There are certainly countries where healthcare is free to the patient at the point of delivery; countries where no one is ever refused healthcare for lack of ability to pay, or need ever consider such a thing. If your quibble is that it's actually paid for by general taxation, well, yes, but this is well understood by everyone as what is meant by "make healthcare free".
(Similarly for college tuition, while we're at it. As for "create jobs" and "increase wages", these are relative terms, but there are certainly countries where such things have gone up at times in response to specific policy decisions (including here in the U.S.!). I'll leave the rest untouched upon for now.)
Sometimes Americans do move to other countries! Sometimes they don't. More factors generally go into a person's decisions to move or not move than any one policy choice, and people have attachments to where they grew up, and so on. It's no small matter.

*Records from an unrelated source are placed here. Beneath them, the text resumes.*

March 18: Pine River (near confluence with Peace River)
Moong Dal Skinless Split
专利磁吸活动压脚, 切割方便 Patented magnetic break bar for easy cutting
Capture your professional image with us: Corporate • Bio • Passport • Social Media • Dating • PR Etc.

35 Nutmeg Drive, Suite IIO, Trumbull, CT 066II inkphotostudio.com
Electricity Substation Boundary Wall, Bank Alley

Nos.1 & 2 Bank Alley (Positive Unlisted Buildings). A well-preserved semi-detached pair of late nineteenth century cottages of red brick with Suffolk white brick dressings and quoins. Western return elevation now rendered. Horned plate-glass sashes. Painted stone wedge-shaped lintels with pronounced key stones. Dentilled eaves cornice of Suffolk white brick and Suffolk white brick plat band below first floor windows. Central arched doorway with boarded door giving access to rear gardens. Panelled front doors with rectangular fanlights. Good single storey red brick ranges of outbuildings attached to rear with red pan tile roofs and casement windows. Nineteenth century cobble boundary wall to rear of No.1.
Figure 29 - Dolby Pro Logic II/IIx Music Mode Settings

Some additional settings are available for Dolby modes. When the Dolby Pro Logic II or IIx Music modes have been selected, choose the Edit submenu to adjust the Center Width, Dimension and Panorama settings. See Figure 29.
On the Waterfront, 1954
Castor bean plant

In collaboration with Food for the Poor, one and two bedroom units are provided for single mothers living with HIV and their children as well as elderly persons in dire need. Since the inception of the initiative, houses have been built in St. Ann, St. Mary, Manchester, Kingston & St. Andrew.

> healthcare is free to the patient at the point of delivery
Sure I can offer you an rotten apple for free as the ONLY choice and claim you are getting a free apple. But that is not any better than USA where government mandates the floor on quality of apple and gives freedom to set the price (which will be high because of quality floor).

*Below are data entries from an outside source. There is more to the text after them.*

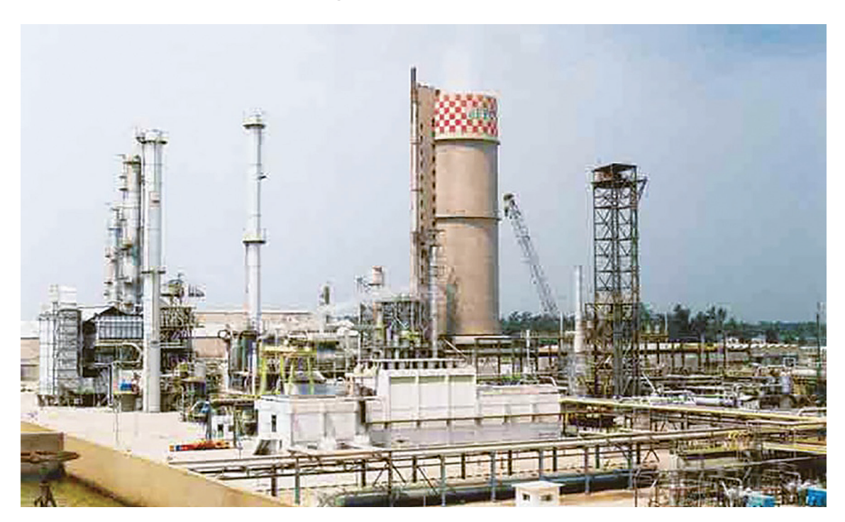
Fig. 4.2 for Question 4

The boundaries and names shown, the designations used and the presentation of material on any maps contained in this question paper/insert do not imply official endorsement or acceptance by Cambridge Assessment International Education concerning the legal status of any country, territory, or area or any of its authorities, or of the delimitation of its frontiers or boundaries.
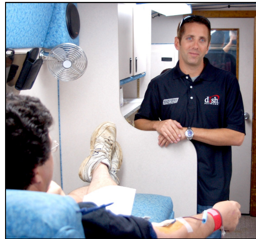
Greg Biffle speaks with Red Cross blood donors. Biffle, driver of the No. 16 Roush Ford, is a member of the American Red Cross National Celebrity Cabinet.

"We hope NASCAR fans will follow Greg Biffle's lead and sup-
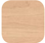
Hard Rock Maple 10776-60
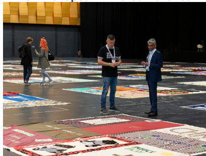
Anonymous quilt with message
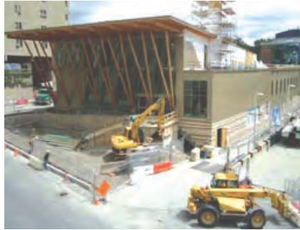
Gateway Building College of Environmental Science and Forestry
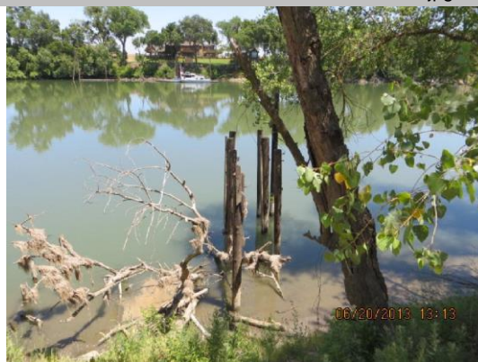
Pump missing from pier on WS toe.
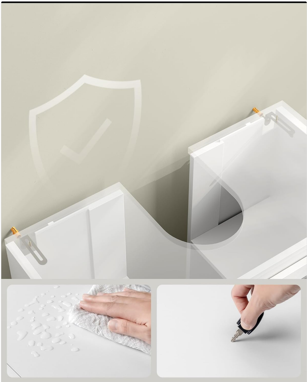
Image: The cabinet surface is designed to be wear-resistant and easy to clean, with properties that help resist water and minor scratches.
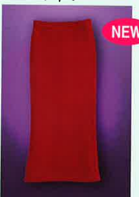
Something Serious Red Skirt 016-166 $22

Both scenarios are very different. When cost of things is distributed over large population it might not be visible to a naive mind but it is indeed the cost one ends up paying.
Have you heard of "Freedom of speech" & "Right to bear arms"? Not all countries have that, and some people value them pretty highly.
Also, immigrating to another country has many legal, economic, social, and mental challenges. This makes moving to another country less appealing to humans!